Heather Kanazawa: Remnants of Life on exhibit from October 7th through November 6th in the upstairs gallery.
Heather Kanazawa still remembers the way the cool, crisp blues cut through formations of trees in the woods. Or the way the ripples in the water looked on a cool spring day. In her paintings, both memory and process serve as key elements. She is able to thoroughly memorize these past memories in order to investigate them, providing descriptive imagery.
Kanazawa's paintings are studies of memory and place. Her work mainly is abstraction, because she feels that most memories are simply recordings of colors, textures, or sounds. she develops them, adding and subtracting paint, scraping, taking away, and playing with color and texture.
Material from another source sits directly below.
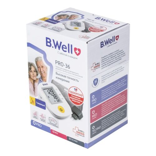Автоматический тонометр B.Well PRO-36 озвучивает процесс и результат измерения. Прибор имеет продуманный дизайн, он удобен и прост в использовании. Для измерения давления достаточно нажать одну большую яркую кнопку. PRO-36 имеет память последнего измерения, регулировку громкости и шкалу-подсказку, которая поможет оценить уровень давления.

It is through this process that the work begins to develop and feel fully realized. Kanazawa works intuitively and lets the act of painting guide her through each step. It is through this process that she is able to convey a sense of depth in her work. Her goal is for the painting to take on it's own voice and, in essence, to become another place other than the initial trace of memory.
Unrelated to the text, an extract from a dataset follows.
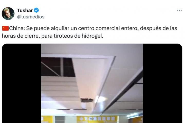 "China: Se puede alquilar un centro comercial entero, después de las horas de cierre, para tiroteos de hidrogel", ha explicado el usuario, justo antes de adjuntar el vídeo en el que se puede ver a la gente en la batalla ficticia.

Recent paintings are documentations of travel, particularly of time spent in Japan and the influence of Japanese life. Kanazawa seeks to record feelings and emotions, as well as essential moments of being and existence in a culture infused by the idea of “Zen” and meditation, as well as the fast-paced atmosphere of daily work life embedded in the culture.
About Heather Kanazawa
Kanazawa was born in Pittsburgh PA in 1984. She received her BFA in 2007 and her MA in Art Education in 2011 from Edinboro University. Recent exhibitions took place at Glass Growers Gallery in Erie PA, Crary Art Gallery in Warren PA, and the Wellsville Creative Arts Center in Wellsville NY. She currently lives in Edinboro Pennsylvania.